EXERCISE: Output, exactly as written, the lines below starting at the line containing "Access free answer" and ending at the line containing "Blaszkowate, pojedyncze. Blaszka". Drop the pictures and keep both end lines.

EXERCISE MATERIALS:
***

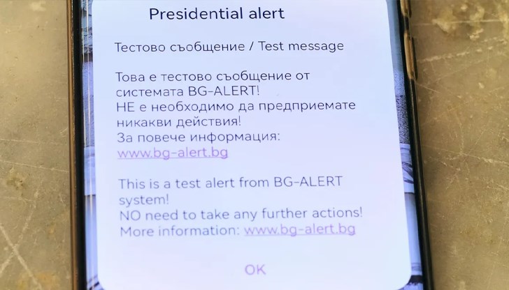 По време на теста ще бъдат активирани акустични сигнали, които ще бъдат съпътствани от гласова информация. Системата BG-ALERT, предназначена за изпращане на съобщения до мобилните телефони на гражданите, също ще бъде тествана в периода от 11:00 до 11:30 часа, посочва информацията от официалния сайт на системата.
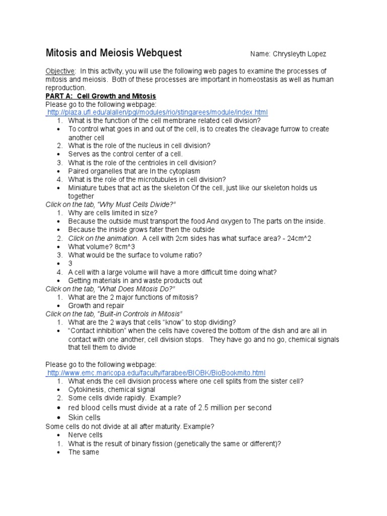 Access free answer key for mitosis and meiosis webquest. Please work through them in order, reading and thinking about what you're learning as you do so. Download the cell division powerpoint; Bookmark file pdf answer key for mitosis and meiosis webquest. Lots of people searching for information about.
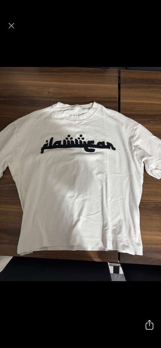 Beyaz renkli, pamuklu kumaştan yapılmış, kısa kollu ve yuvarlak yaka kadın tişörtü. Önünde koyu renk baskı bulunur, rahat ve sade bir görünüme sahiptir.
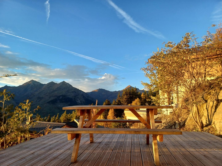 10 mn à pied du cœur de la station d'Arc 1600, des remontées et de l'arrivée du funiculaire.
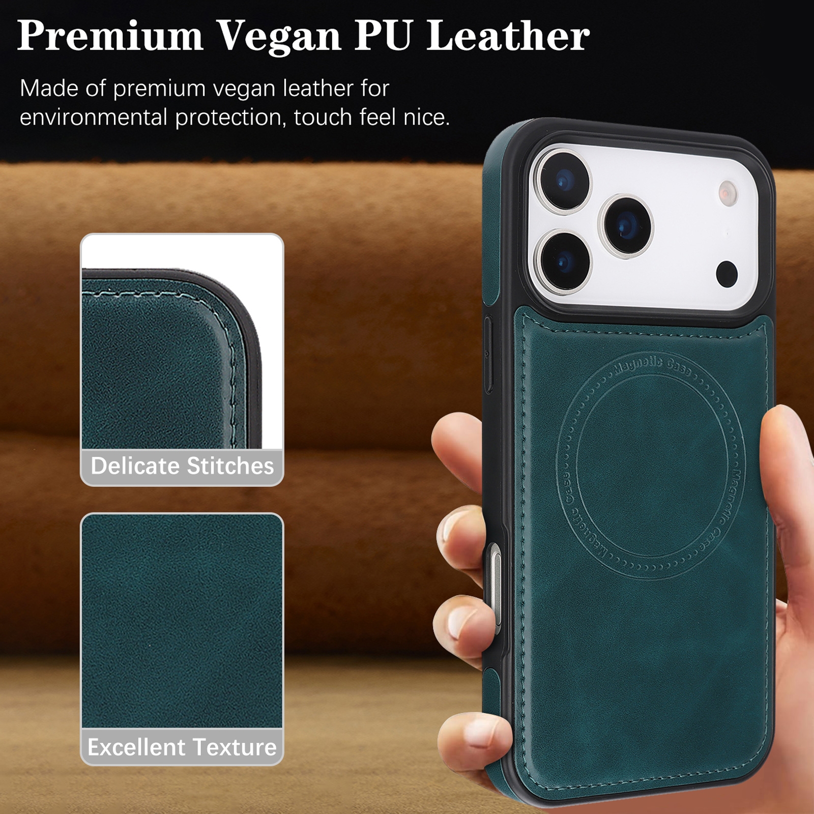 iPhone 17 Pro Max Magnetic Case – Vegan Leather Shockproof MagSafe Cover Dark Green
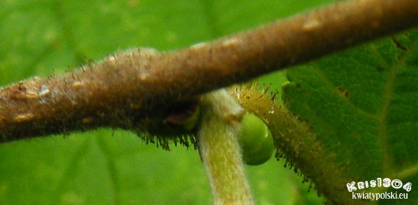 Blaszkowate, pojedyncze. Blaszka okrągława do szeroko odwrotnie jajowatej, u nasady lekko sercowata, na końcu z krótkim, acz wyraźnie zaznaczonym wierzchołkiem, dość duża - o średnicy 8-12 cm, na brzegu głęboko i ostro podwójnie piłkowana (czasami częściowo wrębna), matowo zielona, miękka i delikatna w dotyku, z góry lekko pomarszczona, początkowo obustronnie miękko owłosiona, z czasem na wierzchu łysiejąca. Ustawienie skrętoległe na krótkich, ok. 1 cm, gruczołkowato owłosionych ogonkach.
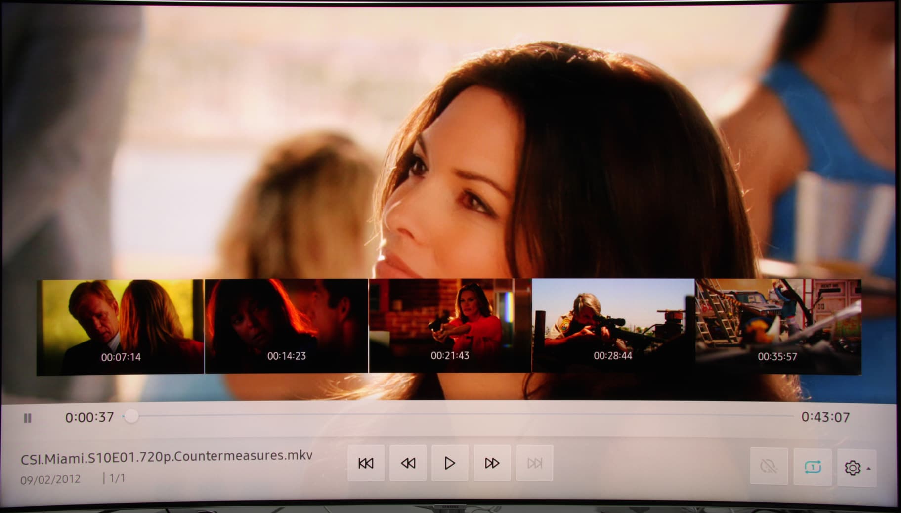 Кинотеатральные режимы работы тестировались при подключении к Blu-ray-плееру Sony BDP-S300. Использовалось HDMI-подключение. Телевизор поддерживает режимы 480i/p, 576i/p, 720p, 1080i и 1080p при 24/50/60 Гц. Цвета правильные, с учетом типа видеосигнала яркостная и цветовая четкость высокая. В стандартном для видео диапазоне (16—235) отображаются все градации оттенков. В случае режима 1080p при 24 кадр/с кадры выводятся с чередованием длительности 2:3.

***

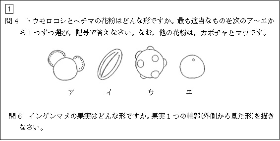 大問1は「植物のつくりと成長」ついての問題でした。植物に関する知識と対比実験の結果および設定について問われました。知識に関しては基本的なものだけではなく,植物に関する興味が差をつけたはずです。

***

RESPONSE:
 Access free answer key for mitosis and meiosis webquest. Please work through them in order, reading and thinking about what you're learning as you do so. Download the cell division powerpoint; Bookmark file pdf answer key for mitosis and meiosis webquest. Lots of people searching for information about.
 Beyaz renkli, pamuklu kumaştan yapılmış, kısa kollu ve yuvarlak yaka kadın tişörtü. Önünde koyu renk baskı bulunur, rahat ve sade bir görünüme sahiptir.
 10 mn à pied du cœur de la station d'Arc 1600, des remontées et de l'arrivée du funiculaire.
 iPhone 17 Pro Max Magnetic Case – Vegan Leather Shockproof MagSafe Cover Dark Green
 Blaszkowate, pojedyncze. Blaszka okrągława do szeroko odwrotnie jajowatej, u nasady lekko sercowata, na końcu z krótkim, acz wyraźnie zaznaczonym wierzchołkiem, dość duża - o średnicy 8-12 cm, na brzegu głęboko i ostro podwójnie piłkowana (czasami częściowo wrębna), matowo zielona, miękka i delikatna w dotyku, z góry lekko pomarszczona, początkowo obustronnie miękko owłosiona, z czasem na wierzchu łysiejąca. Ustawienie skrętoległe na krótkich, ok. 1 cm, gruczołkowato owłosionych ogonkach.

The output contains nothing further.